Why is OWASP Top 10 So Important for AppSec Engineers?

What is OWASP?

The Open Web Application Security Project, or OWASP, is a non-profit organisation founded in 2001 by Mark Curphey. Over the years, they've dedicated themselves to improving the state of application security through research and numerous projects.

Anyone can become a member of OWASP by making a donation and take part in research and development, adding to their growing body of knowledge. All of their resources are free to access as part of their drive to make application security knowledge available to everyone.

Some of their most well-known projects include the OWASP Top 10, Juice Shop, Cheat Sheet series, ZAP, and WebGoat.

What is the OWASP Top 10?

The OWASP Top 10 is a list of the 10 most common and critical security vulnerabilities, ranked according to the severity of the threat they each pose. The list is based on a consensus of security experts from around the world, and is one of the most useful resources in a budding security professional's toolkit.

Why is the OWASP Top 10 such a big deal?

The OWASP Top 10 is perhaps the most ubiquitous and well-known security resources out there, and is recognised even outside application security circles. It's usually the first tool in a security engineer's toolkit, because it highlights the most common vulnerabilities in software.

Technology and development methods evolve at a rapid pace, and so must our methods to mitigate security risks. The annually updated list ensures both developers and security professionals are aware of the vulnerabilities they're most likely to encounter.

In addition, the OWASP Top 10 offers a way for security engineers to gauge the severity of a vulnerability — the higher up it is on the list, the more critical it is.
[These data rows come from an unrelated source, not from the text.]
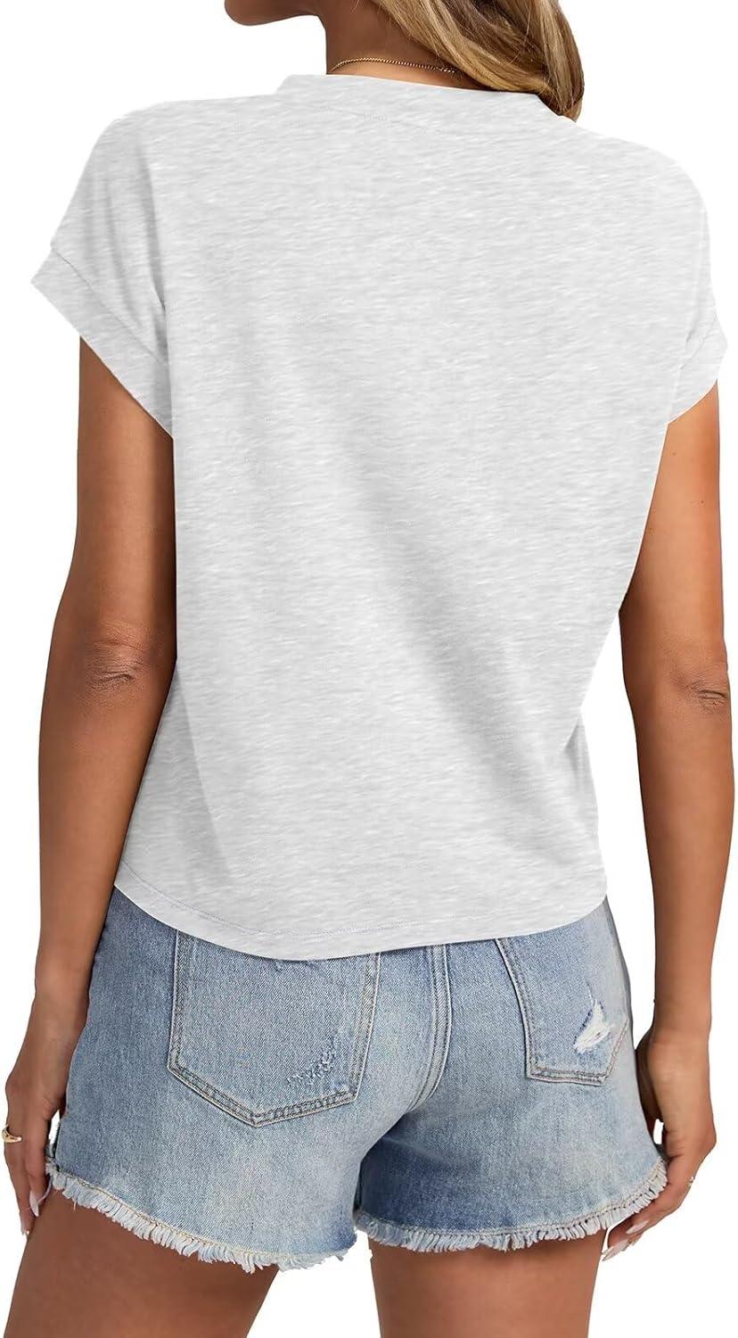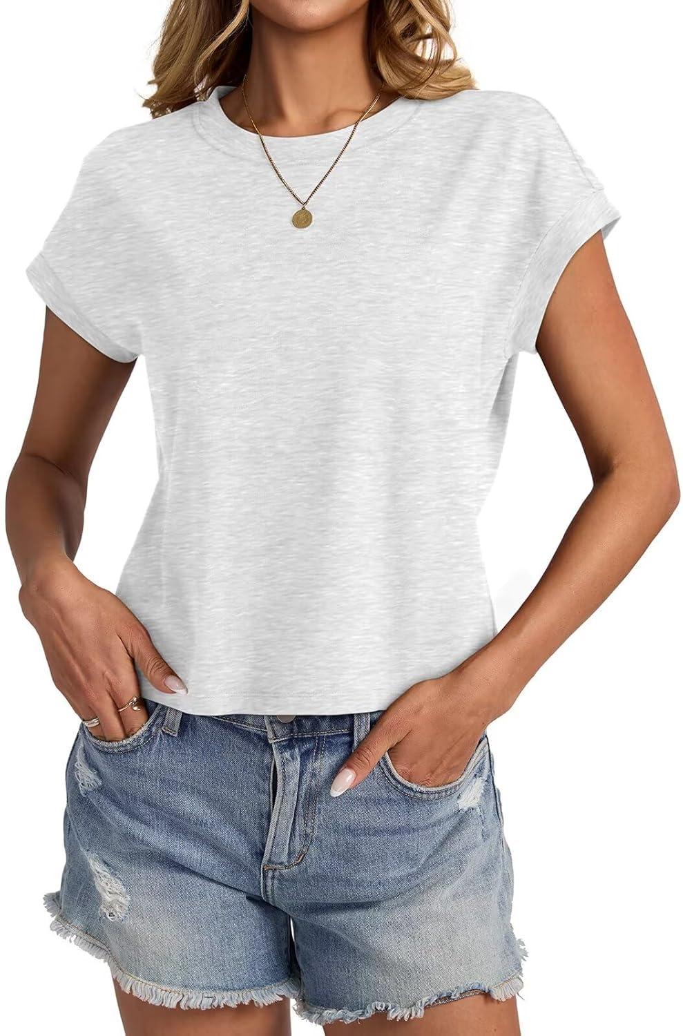 Womens Cap Sleeve Crop Tops Cotton T Shirts Crewneck Loose Fit Short Sleeves Tee Summer Fashion Clothes 2025(A-light Grey)
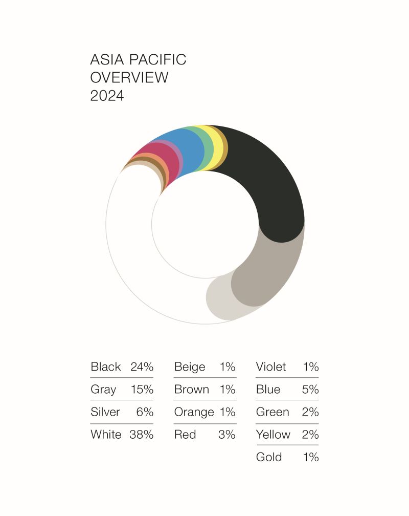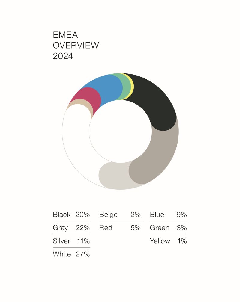 Kolory achromatyczne pozostają w tym regionie pierwszym wyborem 83% klientów, przy czym czarny, klasycznie kojarzony z elegancją, zwiększył swój udział o 2%. Z kolei popularność bieli spadła o 2%.
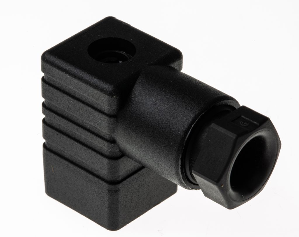 A comprehensive range of connectors and plug bases typically for use with solenoid valves on pneumatic and hydraulic equipment. The inner connector can be rotated through 90° increments so the gland can be positioned in all four directions. Housing material is glass-filled nylon making them impact resistant.
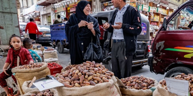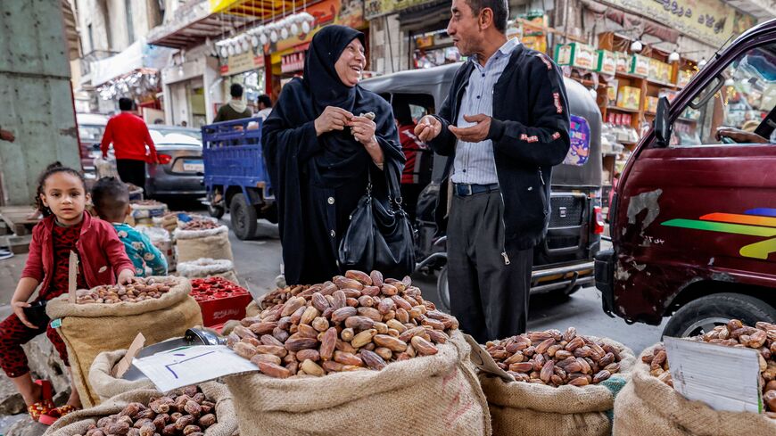 In this picture taken on March 22, 2023, a woman speaks with a merchant as she shops for dates at the traditional Rod el-Farag market in northern Cairo during the Muslim holy fasting month of Ramadan. - Muslims follow the tradition set by the prophet Mohammed whom believers say used to break his fast by eating dates and drinking goat's milk during the holy month. The dawn-to-dusk fast is conceived as a spiritual struggle against the seduction of earthly pleasures, but the evening iftar festive meals traditionally bring families together during Ramadan. (Photo by Khaled DESOUKI / AFP) (Photo by KHALED DESOUKI/AFP via Getty Images)
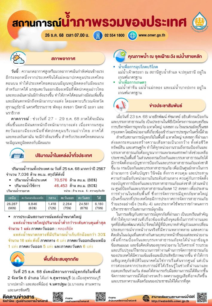 สรุปสถานการณ์น้ำภาพรวมของประเทศ วันที่ 26 ธ.ค. 68 26 ธันวาคม 202526 ธันวาคม 2025 มงคลชัย กองรัตน์ 0 Comments แชร์ : 0 More ไม่มีหมวดหมู่
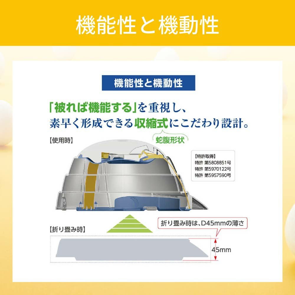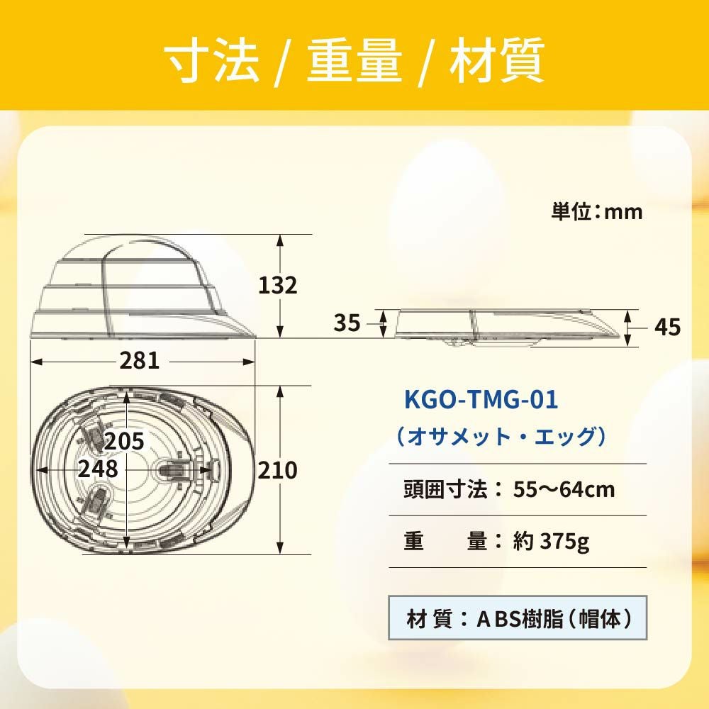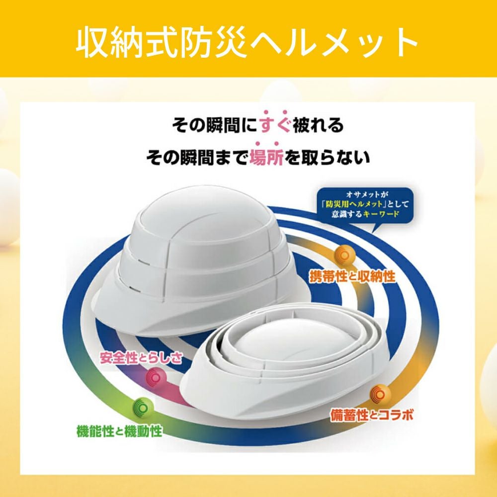 他の画像を見る 卵殻使用でCO2を約20%削減!オサメットの機能はそのまま、やさしい色合いと環境へのやさしさを両立した「オサメット・エッグ」 防災ヘルメット オサメットエッグ 10個 オサメット A4サイズ 防災用ヘルメット 国家検定品合格品 日本製 飛来・落下物 KAGAヘルメット 折りたたみヘルメット KGO-TMG-01 加賀産業 公式サイト特別価格 ¥ 44,412 税込 詳細を見る お気に入りに登録する

This is the simplest benchmark to determine which vulnerabilities need to be remediated first.

The OWASP Top 10 rankings for 2021

1. Broken Access Control

According to OWASP, over 94% of applications tested suffer from some form of broken access control. When you think about it, it makes sense why it's at the top of this list. Nearly all apps we use today feature some kind of access control mechanism (like login credentials) to stop users from gaining privileges they shouldn't have. When these access control mechanisms fail, it can lead to the exposure of sensitive user data to malicious actors, and in some cases, gives them access to modify or destroy the data.

How to prevent Broken Access Control

For the full list of security measures, check the OWASP page linked above.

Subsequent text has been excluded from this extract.